My company is developing a PostgreSQL 7.4 application. We don't want
our customers to have to manage the database, so we're automating as
much maintenance as possible. If the database ever becomes corrupt,
we have procedures for restoring the database from backup data.
The question we've been wondering about is how to detect a corrupt
database. False positives are acceptable (database isn't really
corrupt but we think it is); false negatives are not, (database
is corrupt but we can't tell).

- Are any cases of corruption detected in the normal operation of
PostgreSQL?

- If there are, then how are applications notified when corruption
is detected?

- What symptoms should prompt us to suspect and check for corruption?

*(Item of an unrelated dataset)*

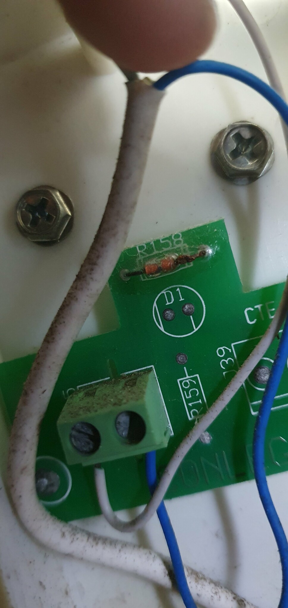 Misstänker då detta motstånd. Finns det att köpa hela kortet? Eller går det lödda dit ett nytt motstånd? Står R158 på motståndet. Vilket motstånd ska man köpa i så fall?

- Are there any tools we can run to determine whether a database is
corrupt?

Jack Orenstein

#2scott.marlowe
scott.marlowe@ihs.com
In reply to: Jack Orenstein (#1)
Re: Detecting database corruption

On Wed, 14 Jan 2004, Jack Orenstein wrote:

My company is developing a PostgreSQL 7.4 application. We don't want
our customers to have to manage the database, so we're automating as
much maintenance as possible. If the database ever becomes corrupt,
we have procedures for restoring the database from backup data.
The question we've been wondering about is how to detect a corrupt
database. False positives are acceptable (database isn't really
corrupt but we think it is); false negatives are not, (database
is corrupt but we can't tell).

- Are any cases of corruption detected in the normal operation of
PostgreSQL?

- If there are, then how are applications notified when corruption
is detected?

- What symptoms should prompt us to suspect and check for corruption?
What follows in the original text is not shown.